As a further improvement of the invention, in step S1, the humidity control range of the opening and carding is 45% -60%; the temperature control range is 20-30 ℃; the humidity control range of the roving is 40% -65%; the temperature control range is 20-30 ℃; in step S2, the moisture control range of the core spun yarn is 40% to 65%; the temperature control range is 20-30 ℃.
As a further improvement of the invention, the carding cylinder speed is 300-; the doffer speed is 100-500 r/min; the feeding linear speed is 0.1-5 m/min;
the drafting multiple of the roving is 2-12 times; the roving ration is 200 and 800 tex;
the twist coefficient of the core-spun yarn is 250-500, and the spindle speed is 6000-12000 r/min; the fineness of the double-layer composite covering yarn is 20-80 tex.
As a further improvement of the present invention, in step S4, the process parameters of the friction core-spun yarn include: a middle carding roller: 2000-15000 r/min; rubbing the roller: 2000-18000 r/min; the humidity control range is as follows: 40% -65%; the temperature control range is as follows: 20-30 ℃.
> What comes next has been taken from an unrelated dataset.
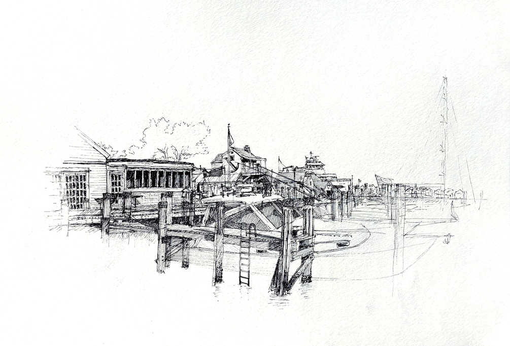 Pen drawing. All pieces are hand-drawn by Weston Baker.

As a further improvement of the present invention, in step S1, the hydrophilic modified chitosan fiber is obtained by hydrophilic modification of chitosan fiber with one or more of carboxyl group, sulfonic group or phosphoric group.
As a further improvement of the present invention, in step S2, the strength filament or yarn is a polylactic acid filament or yarn, and has a fineness of 20 denier to 800 denier and a strength of 2N to 20N.
As a further improvement of the present invention, in step S3, the acid solution includes, but is not limited to, sulfuric acid, acetic acid or hydrochloric acid.
The invention also provides a multilayer composite core-spun yarn fabric based on the hydrophilic modified chitosan fiber, which is woven by adopting any one of the multilayer composite core-spun yarns based on the hydrophilic modified chitosan fiber.
As a further improvement of the invention, the multilayer composite core-spun yarn fabric based on the hydrophilic modified chitosan fiber is used for wound hemostasis in vitro or in vivo.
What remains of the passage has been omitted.